– Я не знаю, что он тогда увидел во мне, но он очень долго смотрел на меня. Я даже затихла, боялась всхлипнуть, а потом… потом я поняла, почему он так смотрит. Я увидела в отражении его шлема себя. И сама испугалась. Я… я была такой страшной! Такой жалкой! Такой… уродиной!
– Вы выжили. Это самое главное.
– Да, но… Иногда я жалею о том, что он не убил меня. После того вечера я ни разу не могла нормально поспать, мне снился он. Как он душит меня, прижимая к столу… как смотрит… говорит, что выбьет мне челюсть и сломает все кости… и себя. Себя тоже вижу. В отражении. Себя, его и Павла Викторовича. Ему досталось больше всех.
– Держи себя в руках, – сказал юноша рыдающей на полу сотруднице банка, стараясь придать голосу мягкости, но качающийся рядом с рыжими волосами ствол пистолета мигом отгонял её. – Запихивай деньги в рюкзак, не разбрасывай их или я приведу тебя в чувства. Ты меня слышишь?! – Маша старательно кивнула. Совсем как послушный пёсик. Совсем как мать и сын после слов любимого отца, сидящие за столом с десятками подсолнухов. – У тебя минута, чтобы всё собрать. Продолжай. Живо!

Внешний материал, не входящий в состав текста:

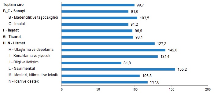 Türkiye İstatistik Kurumu (TÜİK), Kasım 2022 itibarıyla; sanayi, inşaat, ticaret ve hizmet sektörleri Ciro Endeksleri verilerini açıkladı. Buna göre, ortalamada yıllık bazda endeks yüzde 99.7 olurken endeksin alt kırılımlarından Hizmet sektörü altında yer alan Gayrimenkul sektöründe son 12 aylık ciro artışı yüzde 155.2 oldu. Bu artış oranı inşaat sektöründe ise yüzde 96.9 olarak gerçekleşti.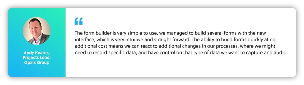 Re-flow’s commitment to this aim is particularly on display with its form builder. Understanding how crucial forms are to the industries they serve, it also understood their shortcomings – with a mass of forms comes a mass of paper, printing, storage, and transport – all entailing their own respective costs and problems. For years, a vast catalogue of digital forms has been a staple of their software. Despite this, Re-flow knew that the needs of their clients would soon outgrow this catalogue; users needed the ability to implement bespoke forms that fit their business, a service which, until now, was only offered through the Re-flow support team for an additional cost.

Сотрудница банка послушно продолжила складывать купюры в рюкзак, на этот раз аккуратнее, пытаясь контролировать дрожь в теле, чтобы – не дай бог – не рассыпать деньги. Остальные сотрудники и клиенты молча наблюдали за происходящим, не думая ни о чём, только о собственной жизни и страхе, что поглощает с головы до ног. Режиссёры, сценаристы, писатели могут наделять своих героев удивительной храбростью, которая поможет им в самый тяжёлый момент остановить грабителя, но те же режиссёры, сценаристы, писатели знают, что в жизни всё совсем иначе: тебя сковывает страх, а хозяином ситуации становится преступник, которого самого трясёт от волнения; и всё, что ты можешь, так это нажать проклятую кнопку под столом и надеяться, что тебя не пристрелят прежде, чем сюда явится наряд полиции.
– Где-то полминуты всё было очень тихо, я собирала деньги, он стоял и иногда, как будто напоминая, тыкал пистолетом мне в голову… поторапливал меня. Только лампы чуть-чуть жужжали. А потом… потом…
– Павел Викторович?
– Да. Он прочистил горло и чётко сказал…
– В тебе так много злости, сынок. Зачем ты обижаешь эту девочку?
Грабитель повернул голову в сторону голоса и увидел всё того же охранника, сидящего всё на том же стуле, вот только руки его теперь не были подняты, а снова лежали на коленях. И глаза… что-то с глазами… в них…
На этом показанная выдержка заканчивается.